This summer, ‘sandbox’ took on a different meaning.
This little vegetable garden sandbox is currently a comfy bed to some varieties of vegetables we planted from seed earlier on in the spring.
Text & Photo © JE Nilsson, CM Cordeiro 2014
Due to their quick maturing time, radishes can be planted successively through the seasons for a more consistent harvest.
The happy looking cherry belle reminded me of Robert A. Heinlein’s brilliant writings, Stranger in a Strange Land (1961, 1991:86) when the man from Mars, Valentine Michael Smith first encounters grass designed to be used as house rugs:
“Jill sighed and wiggled her toes in the grass. “Gosh, how my feet do hurt!” She glanced up and saw Smith watching her with that curiously disturbing baby-faced stare. “Do it yourself if you want to. You’ll love it.”
He blinked, “How do?”
“I keep forgetting. Come here, I’ll help you.” She got his shoes off, untaped the stockings and peeled them off. “There, doesn’t that feel good?”
Smith wiggled his toes in the cool grass, then said timidly, “But these live?”
“Sure, they’re alive.
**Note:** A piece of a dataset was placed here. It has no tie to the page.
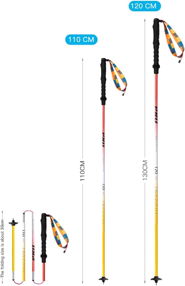 - 🏔️【Adjustable】The trekking pole has a foldable design and can be retracted into four folds, can be adjusted freely fits for different needs with length scale. Folds to a portable size of 12.99 inches (33 cm). When not in use, Fitting into backpack, luggage cases, or duffel bags for compact travel.

It’s real live grass. Ben paid a lot to have it that way. Why, the special lighting circuits alone cost more than I make in a month. So walk around and let your feet enjoy it.”
Smith missed much of the speech but he did understand that the grass was made up of living beings and that he was being invited to walk on them. “Walk on living things?” he asks with incredulous horror.
“Huh? Why not? It doesn’t hurt the grass; it was specially developed for house rugs.”
Smith was forced to remind himself that a water brother could not lead him into wrongful action. Apprehensively he let himself be encouraged to walk around – and found that he did enjoy it and that the living creatures did not protest. He set his sensitivity for such things as high as possible; his brother was right, this was the proper being – to be walked on. He resolved to enfold it and praise it; the effort was much like that of a human trying to appreciate the merits of cannibalism – a custom which Smith found perfectly proper.”
The Cherry Belle Radish.
These radishes are grown from seed and makes a quick harvest for the home vegetable garden.
These young pea plants will soon be interspaced with the radishes, with a stake and string support for the climbing vines.